TRANSPORT WORKERS UNION OF AMERICA, AFL-CIO, an unincorporated association, and Transport Workers Union of America, Local No. 514, AFL-CIO, Appellants,
AMERICAN AIRLINES, INC., a corporation, Appellee.

No. 10119.

United States Court of Appeals Tenth Circuit.

June 24, 1969.

Maynard I. Ungerman, Tulsa, Okl. (Irvine E. Ungerman, Manuel Grabel, and William Leiter, Tulsa, Okl., with him on the brief) for appellants.

Loyd Benefield, Oklahoma City, Okl., (Boone & Ellison & Smith, Tulsa, Okl., Arthur M. Wisehart and Vance Morgan, New York City, with him on the brief) for appellee.

Before MURRAH, Chief Judge, SETH, Circuit Judge and CHRISTENSEN, District Judge.

CHRISTENSEN, District Judge.

The appellant Unions, plaintiffs below, brought this action against American Airlines seeking injunctive and other relief on the contention that through mass disciplinary actions the Airlines had effectually destroyed the efficacy of the administrative system for the resolution of grievances and thereby violated that provision of the Railway Labor Act which requires carriers to exert all reasonable efforts to settle disputes in order to prevent the interruption of commerce. 45 U.S.C.A. § 152. From an order dismissing the action the appellants have prosecuted this appeal.

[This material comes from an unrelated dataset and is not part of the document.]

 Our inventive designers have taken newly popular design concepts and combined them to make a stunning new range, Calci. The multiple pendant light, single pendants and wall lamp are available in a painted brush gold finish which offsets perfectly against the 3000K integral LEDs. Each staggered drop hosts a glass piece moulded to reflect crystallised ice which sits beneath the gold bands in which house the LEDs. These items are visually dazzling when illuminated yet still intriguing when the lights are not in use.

In 1936, Congress applied the Railway Labor Act to the air transportation industry. 49 Stat. 1189, 45 U.S.C.A. §§ 181-188. But instead of extending the jurisdiction of the National Railroad Adjustment Board, 45 U.S.C.A. § 153, to include airline disputes, Congress provided for separate boards of adjustment. Until a national board for the airlines industry was established, Congress required the parties to collective bargaining agreements in that industry to form and to utilize system, group or regional boards of adjustment for the purpose of adjusting and deciding disputes between them. 45 U.S.C. §§ 184, 185. See International Ass'n of Machinists v. Central Airlines, 372 U.S. 682, 83 S.Ct. 956, 10 L.Ed.2d 67 (1963). Such procedure as thus encouraged and structured became the subject of bargaining for future contracts. Under the Act as amended in 1966, 80 Stat. 208-209, 45 U.S.C.A. § 153 (Supp.1969), the orders of a System Board of Adjustment to which grievances have been submitted under a collective bargaining agreement are explicitly final and binding upon both parties to a dispute and are enforceable in district courts.

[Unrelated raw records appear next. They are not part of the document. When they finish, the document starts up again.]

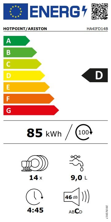 Το εντοιχιζόμενο πλυντήριο πιάτων Hotpoint-Ariston HA4IFD14B προσφέρει 14 σερβίτσια, 7 προγράμματα και ενεργειακή κλάση D , συνδυάζοντας οικονομία και απόδοση. Με κινητήρα inverter και επίπεδο θορύβου 46 dB, λειτουργεί αθόρυβα και μακράς διαρκείας, ενώ η κατανάλωση νερού μόλις 9 l/κύκλο (ECO) εξοικονομεί πόρους και λογαριασμούς. Η οθόνη και ο χρονοδιακόπτης καθυστέρησης έναρξης κάνουν την καθημερινή ζωή ευκολότερη, ενώ η λειτουργία 1/2 φορτίου βελτιστοποιεί το πλύσιμο με λιγότερα πιάτα.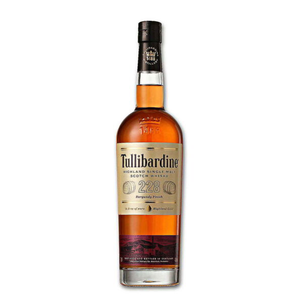 Der Tullibardine 228 Burgundy Finish wurde nach den 228 Liter Burgundyfässern aus dem Chateau de Cassagne Montrachet benannt, die ihm seine rubinrote Farbe verleihen. Grundlage dieses Whiskys ist der Sovereign, der durch die Lagerung Noten von Milchschokolade, Vanille und frischen Erdbeeren annimmt. Mit dem sahnigen Mundgefühl erweckt der Tullibardine den Eindruck, man nehme Erdbeeren mit Schlagsahne zu sich. Ein wahrer Gaumenschmaus. Hersteller/Inverkehrbrinber: Tullibardine Ltd., Stirling Street Blackford Perthshire, PH41QG, Schottland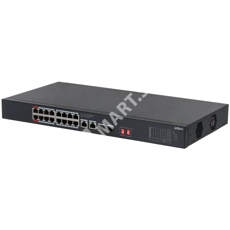 Порты: 16 RJ45 10/100/1000Мбит/с (PoE/PoE+/Hi-PoE), 2 RJ45 10/100/1000Мбит/с (uplink), 2 SFP 1000Мбит/с (uplink); мощность PoE: порты 1~2 до 90Вт, порты 3~16 до 30Вт, суммарно до 190Вт; PoE watchdog; питание: 100~240В(AC)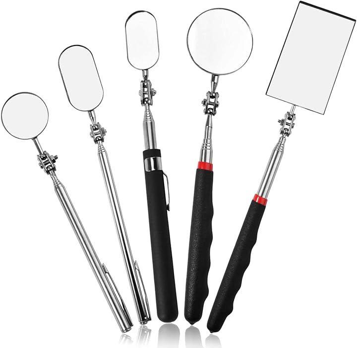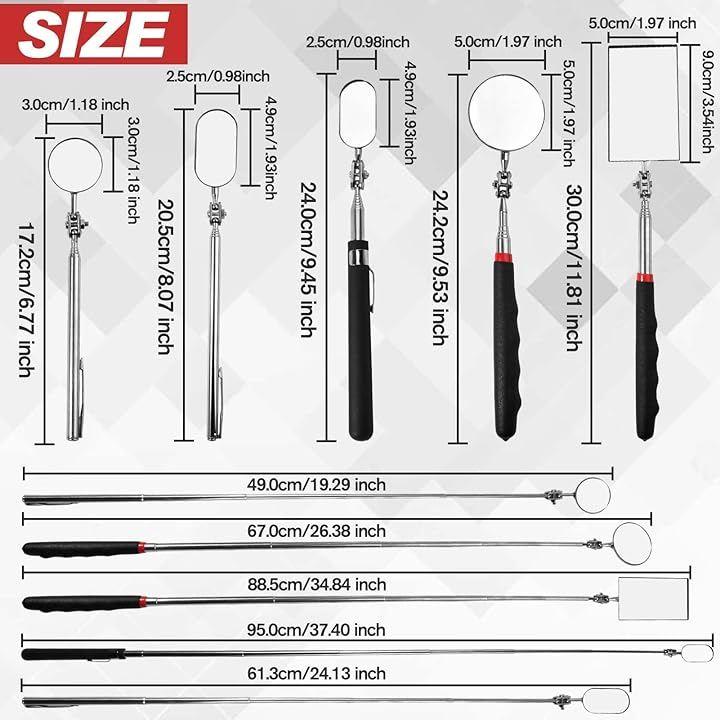 セット内容:5本の伸縮式検査ミラー(サイズ・デザイン違い)が含まれており、使用や交換のニーズを十分に満たします。

The intended function of the Systems Board of Adjustment is to resolve minor disputes, i.e., disputes over the interpretation and application of existing contracts, as opposed to major disputes, i.e., those involving a negotiation of contracts or an alteration in them. See Machinists v. Central Airlines, supra, at 686, 83 S.Ct. 956. Under ordinary circumstances, it is settled that at least in non-discharge cases without the exhaustion of administrative remedies before system boards of adjustment the courts have no jurisdiction to entertain suits for the settlement of "minor disputes" in the airline industry. Trans-continental & Western Air, Inc. v. Koppal, 345 U.S. 653, 73 S.Ct. 906, 97 L.Ed. 1325 (1953), in light of Machinists, supra; Crusen v. United Airlines, Inc., 239 F.2d 863 (10th Cir. 1956), affirming 141 F.Supp. 347 (D.Colo.1956); Arnold v. United Airlines, Inc., 296 F.2d 191 (7th Cir.1961); Bower v. Eastern Airlines, 214 F.2d 623 (3d Cir.), cert. denied, 348 U.S. 871, 75 S.Ct. 107, 99 L. Ed. 685 (1954); Dominguez v. National Airlines Inc., 279 F.Supp. 392 (S.D.N. Y.1968). Cf. Republic Steel Corp. v. Maddox, 379 U.S. 650, 85 S.Ct. 614, 13 L.Ed.2d 580 (1965); Slocum v. Delaware, Lackawanna & Western R.R., 339 U.S. 239, 70 S.Ct. 577, 94 L.Ed. 795 (1954); Pennsylvania R.R. v. Day, 360 U.S. 548, 79 S.Ct. 1322, 3 L.Ed.2d 1422 (1959); Switchmen's Union v. Ogden Union Ry. & Depot Co., 209 F.2d 419 (10th Cir.), cert. denied, 347 U.S. 989, 74 S.Ct. 852, 98 L.Ed. 1123 (1954).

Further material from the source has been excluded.